The challenge is establishing reformed police forces with functioning internal and external oversight mechanisms to ensure accountability and to continually monitor and root out corruption.

 

Lesson 6: While the violence created by drug trafficking must be addressed, cracking down on “cartels” may well increase violence.  Apart from probable short-term disruptions in trafficking, there should be no expectation that this package will stem the flow of drugs into the United States.

 

Since January, there have been 2,113 drug related killings in Mexico.[9]  In 2006 there were 2,500 such killings. Most analysts believe that disruptions in the Mexican drug “cartels” caused by the arrest of their leaders, actually contribute to escalating the violence.  There are fights for power within cartels and between trafficking organizations for the control of lucrative routes.  Likewise, tactical successes in arresting, prosecuting or extraditing key drug leaders may cause a temporary disruption in the flow of drugs, but the enormous profits entailed in drug trafficking means that their roles will be filled sooner or later by others willing to do the job.  The next generation of leadership may prove less clever or less vicious than their predecessors, but they may prove to be even more violent, more corrupting, and more difficult to bring to justice.  History suggests that the disruptions in the flow of drugs that such turmoil may cause will not last long.  Indeed, to the extent that supply disruptions are large enough to create shortages and drive up prices, stronger price incentives to supply the market are created.

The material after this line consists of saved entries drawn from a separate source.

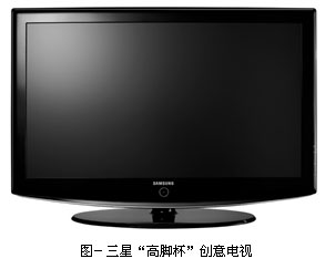 舉個(gè)成功的例子,“三星”液晶電視前些年的市場(chǎng)推廣就比較典型。他們用喝紅酒的高腳杯作為創(chuàng)意靈感,開(kāi)發(fā)了一款底座酷似高腳杯的液晶電視(如下圖),而且,采用純黑色的亮光板作為外觀。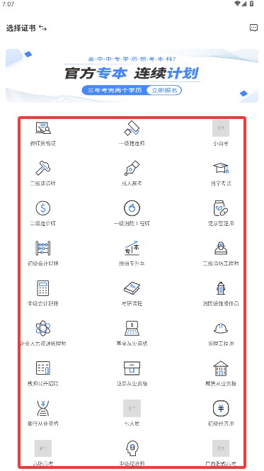 2、根据报考需求在证书分类中选择目标资格类型,如教师资格等职业认证考试。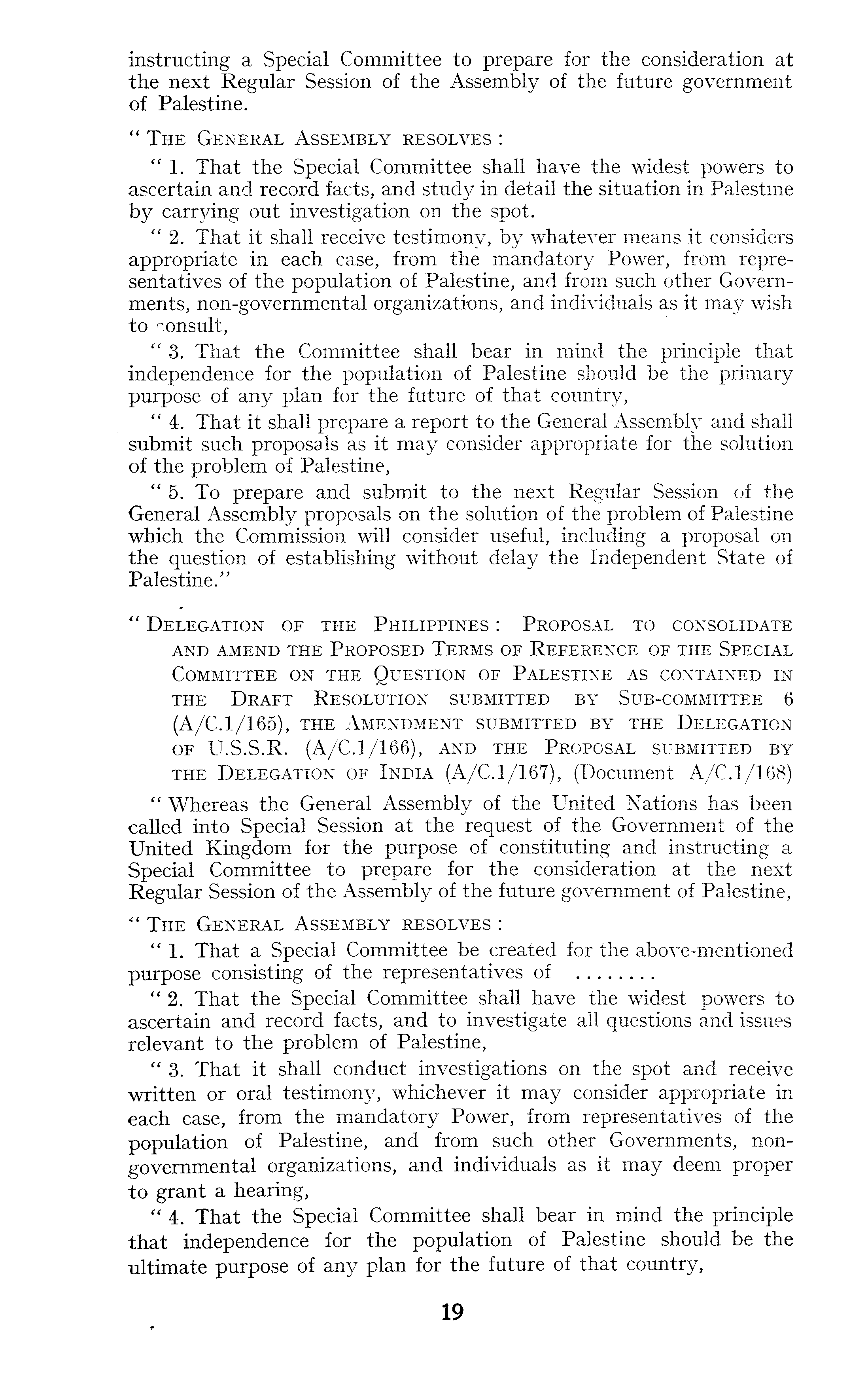 instructing a Special Committee to prepare for the consideration at the next Regular Session of the Assembly of the future government of Palestine. "The General Assembly resolves : "I. That the Special Committee shall have the widest powers to ascertain and record facts, and study in detail the situation in Palestine by carrying out investigation on the spot. " 2. That it shall receive testimony, by whatever means it considers appropriate in each case, from the mandatory Power, from representatives of the population of Palestine, and from such other Governments, non-governmental organizations, and individuals as it may wish to consult, " 3. That the Committee shall bear in mind the principle that independence for the population of Palestine should be the primary purpose of any plan for the future of that country, " 4. That it shall prepare a report to the General Assembly and shall submit such proposals as it may consider appropriate for the solution of the problem of Palestine, "5. To prepare and submit to the next Regular Session of the General Assembly proposals on the solution of the problem of Palestine which the Commission will consider useful, including a proposal on the question of establishing without delay the Independent State of Palestine." " Delegation of the Philippines : Proposal to consolidate AND AMEND THE PROPOSED TERMS OF REFERENCE OF THE SPECIAL Committee on the Question of Palestine as contained in the Draft Resolution submitted by Sub-committee 6 (A/C.l/165), the Amendment submitted by the Delegation of U.S.S.R. (A/C.l/166), and the Proposal submitted by the Delegation of India (A/C.l/167), (Document A/C.l/168) " Whereas the General Assembly of the United Nations has been called into Special Session at the request of the Government of the United Kingdom for the purpose of constituting and instructing a Special Committee to prepare for the consideration at the next Regular Session of the Assembly of the future government of Palestine, " The General Assembly resolves : "1. That a Special Committee be created for the above-mentioned purpose consisting of the representatives of "2. That the Special Committee shall have the widest powers to ascertain and record facts, and to investigate all questions and issues relevant to the problem of Palestine, " 3. That it shall conduct investigations on the spot and receive written or oral testimony, whichever it may consider appropriate in each case, from the mandatory Power, from representatives of the population of Palestine, and from such other Governments, nongovernmental organizations, and individuals as it may deem proper to grant a hearing, " 4. That the Special Committee shall bear in mind the principle that independence for the population of Palestine should be the ultimate purpose of any plan for the future of that country,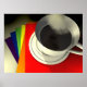Café sur un arc-en-ciel de serviettes.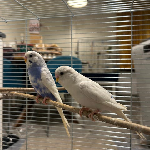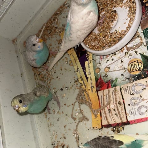 Fyra undulater i olika färger sitter tillsammans i buren. Två är klart gula, en är ljusgrå/gul och en är grön med mörkare teckningar. De sitter på sittpinnar nära varandra vid matskålen och verkar aktiva, nyfikna och trygga i sin miljö.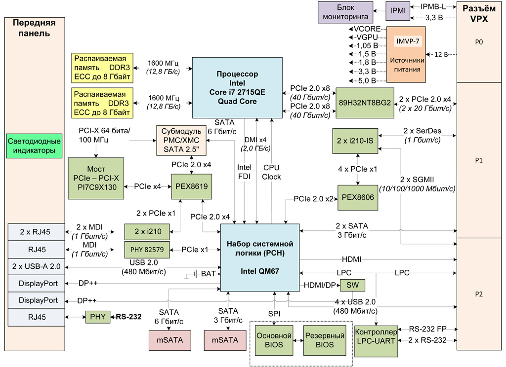 • Коммутатор IDT 89H32NT8BG2: коммутация 2 × PCIe 2.0 x8 от процессора к разъёму VPX P1 (DP1–DP4)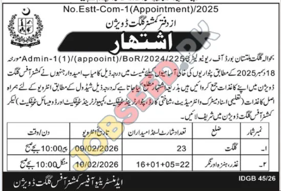 - Candidates need to attend interviews at the Commissioner's Office, Gilgit Division.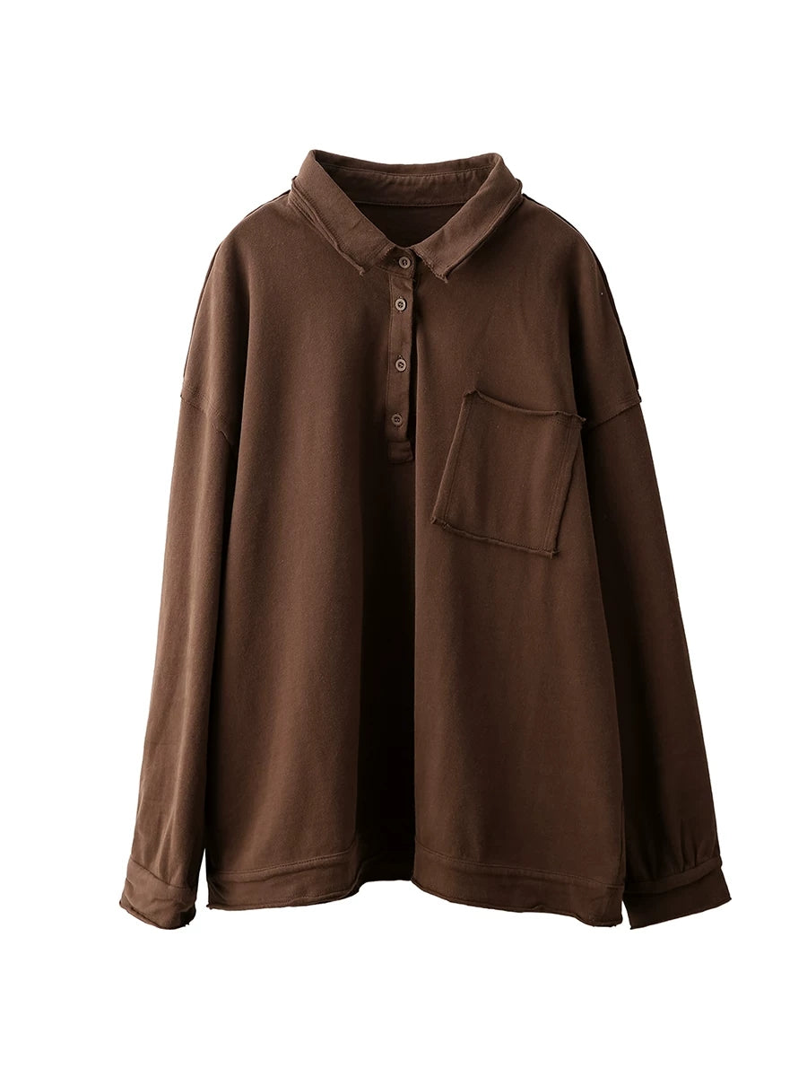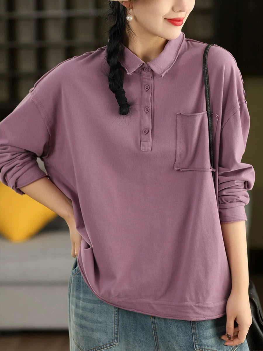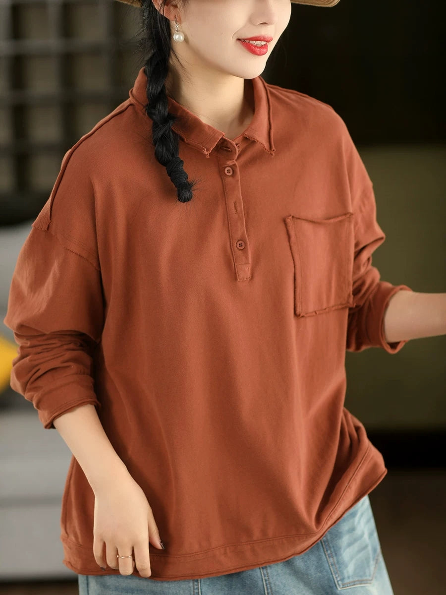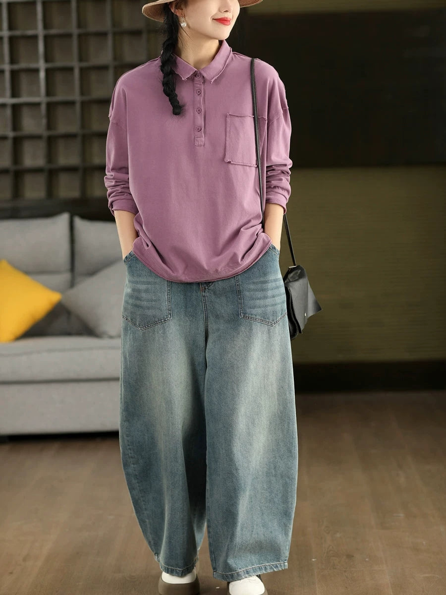 Dámská jarní umělecká čistě barevná bavlněná halenka s odkládacím límcem

The new assistance package

In terms of the package announced on Monday, there are signs that the Bush administration has drawn on some of the history lessons described above.  But the old adage, “the devil is in the details,” certainly applies in this case and thus far, the public description of the aid package is light on detail.

We are encouraged that the assistance is being provided through the State Department rather the Pentagon, and we hope that this reflects a belief that the military is not suited to address what is a public security problem.  When more details are available, one of the criteria that should be used in assessing the potential long-term impact of the plan is whether the funding is appropriate to the mission.  Is the assistance being directed toward the civilian institutions with responsibility for investigating, arresting, and prosecuting traffickers, or toward the military?  If it is the latter, what are the long-term strategies in place to strengthen civilian law enforcement bodies to effectively do their jobs and replace the military in counter drug work?

While understanding that surveillance equipment and expertise is needed to go after organized crime, we hope that any assistance on this matter is accompanied by accountability mechanisms, court orders and civil rights protections.  Mexico has a long and recently active history of wiretapping for political ends.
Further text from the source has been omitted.